Abstract: The major problem for wireless sensor networks (WSN) is the limited energy supply so that we can save energy for future purpose. Most common techniques for prolonging the life time of the network is Routing algorithms etc. In this paper a multi-layer MAC (ML-MAC) concept is suggested for energy efficient Grid ML-MAC Wireless Sensor Network (WSN). In Grid Topology sensors are placed manually in an array configuration. Another topology we can place it in is hexagonal lattice.
- Experimental Lifetime Evaluation For Mac Download
- Evaluation For Mac
- Experimental Lifetime Evaluation For Mac Free
In order to estimate the lifetime of the product, accelerated life testing (ALT) is introduced because most of the products can last years even decades. Much research has been done in the ALT area and optimal design for ALT is a major topic. A specific medium access (MAC) protocol based on a TDD/TDMA scheme is proposed that establishes robust synchronization between the terminals. An experimental evaluation of the proposed MAC protocol is performed using a software-defined radio system consisting of a terminal for each node in the network. EXPERIMENTAL AND ANALYTICAL EVALUATION OF FRP-CONFINED LARGE SIZE REINFORCED CONCRETE COLUMNS by SILVIA ROCCA A DISSERTATION Presented to the Faculty of the Graduate School of the UNIVERSITY OF MISSOURI-ROLLA In Partial Fulfillment of the Requirements for the Degree DOCTOR OF PHILOSOPHY in CIVIL ENGINEERING 2007.
Experimental Lifetime Evaluation For Mac Download
The efficiency of the proposed multi-layer MAC is validated using QualNet 6.1. Additionally we also analyze the performance of various parameters like Residual Battery Capacity (mAhr), Average End-to-End Delay (sec.), Throughput (bits/sec.), and Jitter (s) is evaluated over IEEE 802.15.4 AODV (Ad-hoc on demand distance Vector Routing Protocol) by applying Grid Topology using ML-MAC concept. The simulation results demonstrate that our solution significantly improves the overall network lifetime.
Keywords: Grid topology, IEEE 802.15.4, ML-MAC, QualNet 6.1, Routing Protocol: AODV. Title:Network Lifetime Evaluation for Grid ML-MAC Protocol VOLUME: 3 ISSUE: 1 Author(s):Khurana Manju and M.K. Jha Affiliation:Faculty of Engineering & Technology, Mody Institute of Technology & Science Lakshmangarh (Rajasthan), 332311, India. Keywords:Grid topology, IEEE 802.15.4, ML-MAC, QualNet 6.1, Routing Protocol: AODV. Abstract:The major problem for wireless sensor networks (WSN) is the limited energy supply so that we can save energy for future purpose.
Most common techniques for prolonging the life time of the network is Routing algorithms etc. In this paper a multi-layer MAC (ML-MAC) concept is suggested for energy efficient Grid ML-MAC Wireless Sensor Network (WSN). In Grid Topology sensors are placed manually in an array configuration. Another topology we can place it in is hexagonal lattice. The efficiency of the proposed multi-layer MAC is validated using QualNet 6.1. Additionally we also analyze the performance of various parameters like Residual Battery Capacity (mAhr), Average End-to-End Delay (sec.), Throughput (bits/sec.), and Jitter (s) is evaluated over IEEE 802.15.4 AODV (Ad-hoc on demand distance Vector Routing Protocol) by applying Grid Topology using ML-MAC concept.

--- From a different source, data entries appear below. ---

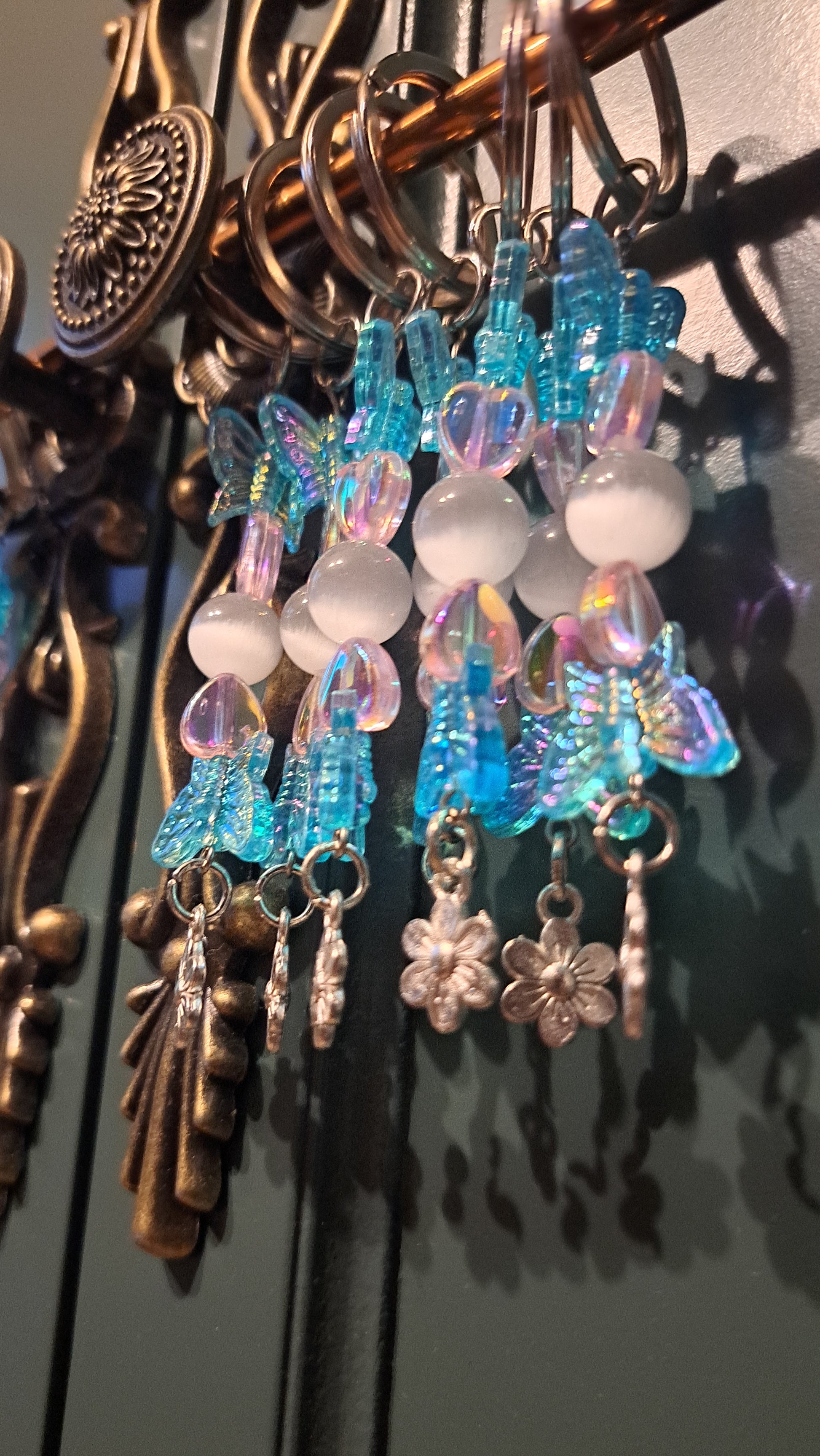 - Powder Blue Butterfly, Baby Pink Heart, White Cat Eye Beads
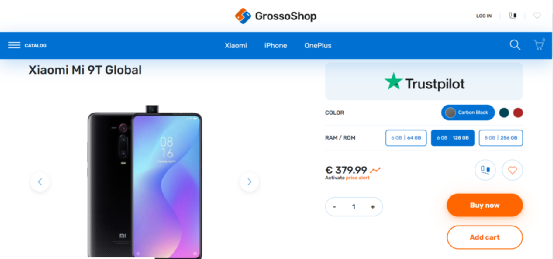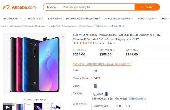 我们选其中一款MI 9T,在阿里巴巴上面一搜,我天啊!5部以上就是259欧,独立站售价是379欧,单台手机赚120欧,月利润达到6w欧真是有可能的事。
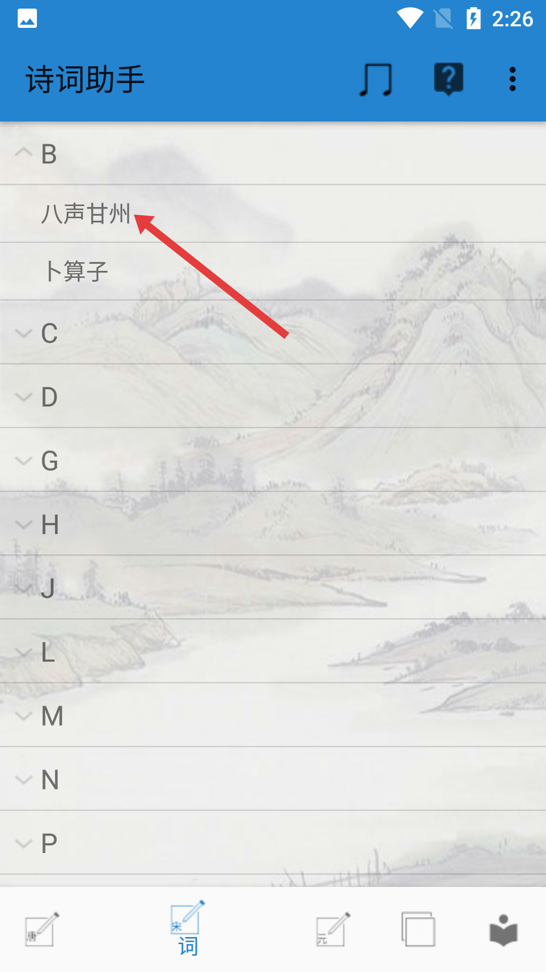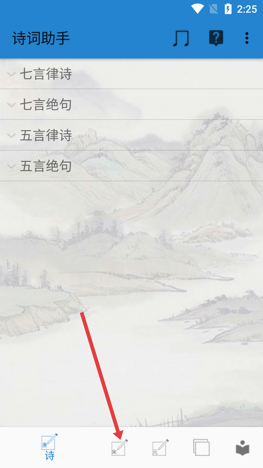 1、进入【诗词助手】后,点击底部标有“宋”的图标,可查看宋代诗词相关内容。

The simulation results demonstrate that our solution significantly improves the overall network lifetime.
Evaluation For Mac
. Part of the book series (LNCS, volume 6827) Abstract Wireless half-duplex relay communication between two nodes is considered. A two-way decode-and-forward relaying strategy that uses network coding at the relay should be able to increase the data throughput. A specific medium access (MAC) protocol based on a TDD/TDMA scheme is proposed that establishes robust synchronization between the terminals. An experimental evaluation of the proposed MAC protocol is performed using a software-defined radio system consisting of a terminal for each node in the network.
Experimental Lifetime Evaluation For Mac Free
It is shown that the proposed protocol realizes the promised throughput-gain of network coding for large burst-lengths. Moreover, the additional amount of processing time, memory and signalling required due to network coding is described.